• _TRY IT_
Identify each line below containing the string "This" and copy it.

• _AVAILABLE DATA_
--

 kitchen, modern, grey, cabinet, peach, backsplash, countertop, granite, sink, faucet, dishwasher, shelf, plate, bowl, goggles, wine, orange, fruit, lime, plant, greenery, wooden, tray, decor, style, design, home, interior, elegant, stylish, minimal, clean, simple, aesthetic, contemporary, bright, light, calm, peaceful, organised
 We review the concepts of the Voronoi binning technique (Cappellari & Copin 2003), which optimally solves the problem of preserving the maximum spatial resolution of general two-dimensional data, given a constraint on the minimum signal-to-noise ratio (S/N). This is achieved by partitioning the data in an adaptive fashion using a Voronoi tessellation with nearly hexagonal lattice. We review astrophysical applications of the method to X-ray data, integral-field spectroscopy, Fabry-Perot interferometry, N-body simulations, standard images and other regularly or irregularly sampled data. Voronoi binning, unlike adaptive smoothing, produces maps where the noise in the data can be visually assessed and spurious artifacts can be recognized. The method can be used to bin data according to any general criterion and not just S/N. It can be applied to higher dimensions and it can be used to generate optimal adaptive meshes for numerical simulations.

--

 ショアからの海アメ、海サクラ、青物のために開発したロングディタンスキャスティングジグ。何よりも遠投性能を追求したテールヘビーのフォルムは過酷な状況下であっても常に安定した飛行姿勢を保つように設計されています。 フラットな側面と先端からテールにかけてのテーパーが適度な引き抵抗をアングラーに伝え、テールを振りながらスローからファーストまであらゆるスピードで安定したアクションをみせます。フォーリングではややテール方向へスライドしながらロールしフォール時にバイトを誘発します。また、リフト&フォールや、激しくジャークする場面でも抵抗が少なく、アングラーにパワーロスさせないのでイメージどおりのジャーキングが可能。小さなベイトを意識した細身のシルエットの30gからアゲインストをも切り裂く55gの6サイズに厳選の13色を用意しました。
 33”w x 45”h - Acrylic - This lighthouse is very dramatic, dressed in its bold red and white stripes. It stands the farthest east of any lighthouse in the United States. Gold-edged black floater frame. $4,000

--

• _TASK SOLUTION_
 We review the concepts of the Voronoi binning technique (Cappellari & Copin 2003), which optimally solves the problem of preserving the maximum spatial resolution of general two-dimensional data, given a constraint on the minimum signal-to-noise ratio (S/N). This is achieved by partitioning the data in an adaptive fashion using a Voronoi tessellation with nearly hexagonal lattice. We review astrophysical applications of the method to X-ray data, integral-field spectroscopy, Fabry-Perot interferometry, N-body simulations, standard images and other regularly or irregularly sampled data. Voronoi binning, unlike adaptive smoothing, produces maps where the noise in the data can be visually assessed and spurious artifacts can be recognized. The method can be used to bin data according to any general criterion and not just S/N. It can be applied to higher dimensions and it can be used to generate optimal adaptive meshes for numerical simulations.
 33”w x 45”h - Acrylic - This lighthouse is very dramatic, dressed in its bold red and white stripes. It stands the farthest east of any lighthouse in the United States. Gold-edged black floater frame. $4,000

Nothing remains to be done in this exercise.